Table 2. Clinical outcomes in patients with bacterial pneumonia and PEM.
*; statistically significant, #; Adjusted mean difference, aOR: Adjusted odds ratio, CI: Confidence interval, ARDS: Acute respiratory distress syndrome, NSTEMI; Non-ST segment elevation myocardial infarction, PEM: Protein-energy malnutrition
| Outcome | PEM % | Without PEM % | aOR (95% CI) | p-value* |
| N= 1,236,109 | n= 86585 (7.0) | n= 1,149524 (93.0) | ||
| Primary outcome | ||||
| In-hospital mortality | 6.8 | 2.3 | 2.31 (2.14 – 2.48) | <0.001* |
| Secondary outcomes | ||||
| Length of stay, mean | 7.4 | 4.6 | 2.4 # (2.2 – 2.5) | <0.001* |
| Total hospital charges, mean US$ | 63500 | 36100 | 21800# (20100 - 23400) | <0.001* |
| Sepsis | 4.2 | 1.6 | 2.24 (2.04 – 2.46) | <0.001* |
| Septic shock | 1.5 | 0.3 | 3.29 (2.82 – 3.85) | <0.001* |
| NSTEMI | 1.6 | 1.2 | 1.10 (0.96 – 1.26) | 0.158 |
| Mechanically ventilated | 6.7 | 2.4 | 2.51 (2.31 – 2.71) | <0.001* |
| Used pressors | 0.5 | 0.1 | 2.90 (2.20– 3.83) | <0.001* |
| Acute kidney failure | 20.4 | 14.9 | 1.24 (1.18 – 1.29) | <0.001* |
| Acute respiratory failure | 20.6 | 15.9 | 1.29 (1.23 – 1.34) | <0.001* |
| ARDS | 0.7 | 0.4 | 1.63 (1.33 – 2.00) | <0.001* |
| Deep vein thrombosis | 2.8 | 1.1 | 1.80 (1.62 – 2.00) | <0.001* |
| Pulmonary embolism | 1.2 | 0.7 | 1.25 (1.08 – 1.45) | 0.003* |
| Cerebrovascular accident | 0.6 | 0.3 | 1.53 (1.22 – 1.91) | <0.001* |
Discussion
Risk factors for PEM in adults include age, frailty in institutionalized persons, excessive polypharmacy, general health decline, including physical function, Parkinson disease, constipation, poor or moderate self-reported health status, cognitive decline, dementia, eating dependencies, poor appetite, basal oral dysphagia, signs of impaired efficacy of swallowing, and institutionalization [21]. Synergism exists between malnutrition and infection, wherein malnutrition increases the risk of infection, and infection can lead to malnutrition. This leads to the formation of a vicious cycle. Our study reveals an increased incidence of chronic medical conditions such as chronic kidney disease, chronic obstructive pulmonary disease, and anemia in patients with PEM.
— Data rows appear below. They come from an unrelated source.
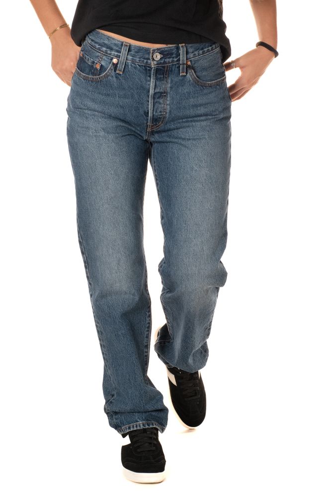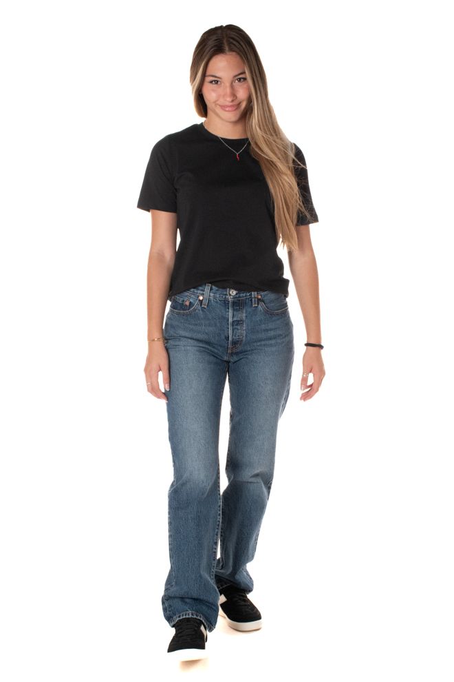 Jeans da donna 5 tasche, straight fit. La modella è alta 170 cm e indossa la taglia 27.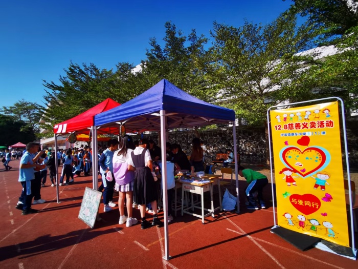 樂善好施、行善積德,歷來是中華民族的優(yōu)良傳統(tǒng)美德。中山沙溪12?8慈善籌款活動在黨委政府的領(lǐng)導(dǎo)下,已經(jīng)成為沙溪人民寶貴的社會精神財(cái)富。為了積極響應(yīng)今年——“情傾隆都,愛滿沙溪”12?8慈善籌款活動的號召,弘揚(yáng)樂善好施的傳統(tǒng)美德。11月26日下午,冬日暖陽,愛心飛揚(yáng)。中山沙溪康樂小學(xué)在運(yùn)動場舉行了“我是優(yōu)秀個(gè)體戶,我是未來企業(yè)家”的慈善義賣籌款活動。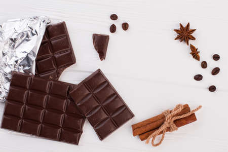 Dark chocolate bars, coffee beans and cinnamon. Chocolate pieces, spices and copy space.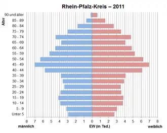 Bevölkerungspyramide für den Kreis Rhein-Pfalz-Kreis (Datenquelle: Zensus 2011)[6]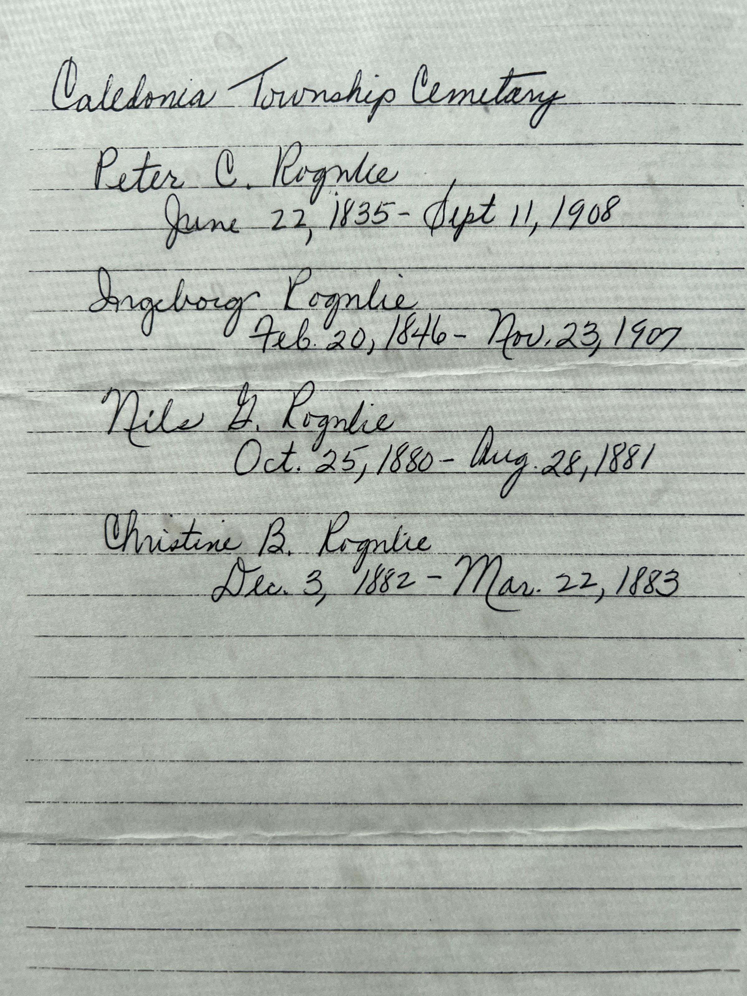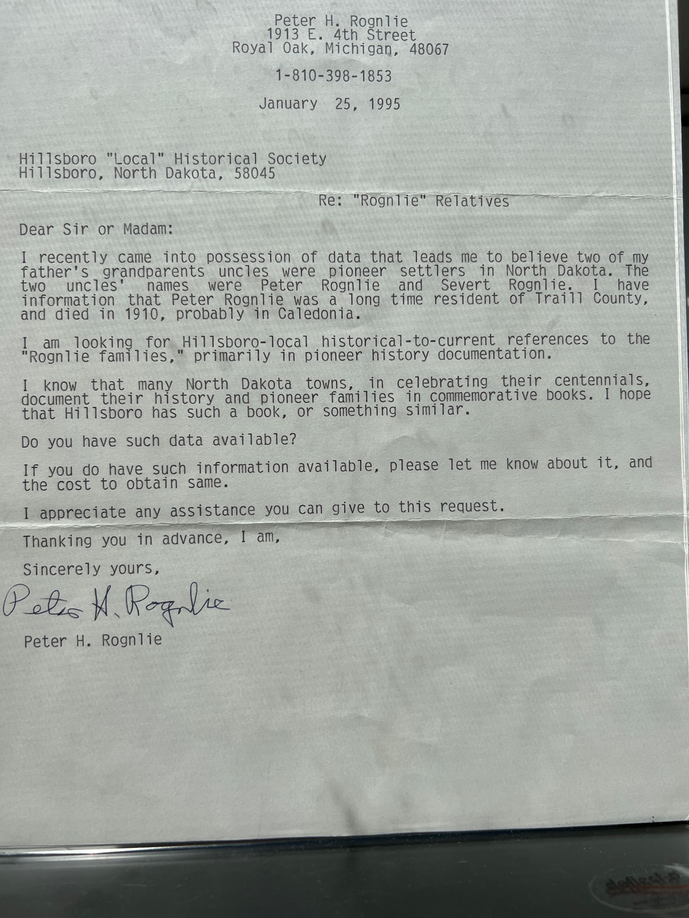 This folder contains 1995 letters between Peter H Rognlie and Mary Ann Boedeker about Peter C. Rognlie and wife Ingeborg (Vigen) who were early settlers by Caledonia in Traill County, Dakota Territory, and are buried in the Caledonia Township cemetery. This folder also has atlas information about Rognlie owned land in Herberg and Caledonia Townships, and a short history of Ole J. Rognlie.Cataloged By

Our study demonstrated PEM as an independent mortality predictor for those with bacterial pneumonia. The estimated mortality in patients with PEM that are admitted with bacterial pneumonia is over two times higher when compared to those without PEM. Patients with PEM are at a higher risk of complications from bacterial pneumonia, including sepsis, septic shock, acute respiratory distress syndrome, acute kidney injury, deep vein thrombosis, and pulmonary embolism.
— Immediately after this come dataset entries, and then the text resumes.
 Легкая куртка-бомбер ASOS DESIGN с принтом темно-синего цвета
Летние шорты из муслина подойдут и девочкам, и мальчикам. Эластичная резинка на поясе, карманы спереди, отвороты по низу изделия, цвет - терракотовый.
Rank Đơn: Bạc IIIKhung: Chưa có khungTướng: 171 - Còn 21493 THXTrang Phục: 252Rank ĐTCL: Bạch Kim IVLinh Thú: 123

Various factors could explain the findings of this study. Malnutrition is the most common cause of secondary immunodeficiency, affecting up to 50% of at-risk populations [22]. Malnutrition affects both cell-mediated and humoral immunity. It leads to a reduction in the number of antigen-presenting-cells, such as B-lymphocytes, Kupffer cells, macrophages, and dendritic cells. The complement system is also affected, limiting the phagocytic function. Severe protein-energy malnutrition in neonates and infants was associated with atrophy of bone marrow and the thymus, resulting in low B and T lymphocytes. Also, there is reduced activation of T-lymphocytes. Changes in the microanatomy of barrier epithelium also lead to an increased risk of infection [23].
Our study was based on the NIS administrative database, where the diagnosis was based on ICD-10 codes and not microbiologic confirmation, which may affect the data [24-26]. The number of patients with protein-energy malnutrition may be underrepresented owing to under coding in an acute setting. A patient may have multiple admissions reflected in the NIS. NIS studies cannot determine causation, only potential association. These are important limitations of this study.
Conclusions
PEM is an independent mortality predictor for those with bacterial pneumonia, with an increased risk of systemic complications as well. There is a need for a multidisciplinary approach against malnutrition, which can mitigate the risk, leading to lower mortality, morbidity, and health care expenditure.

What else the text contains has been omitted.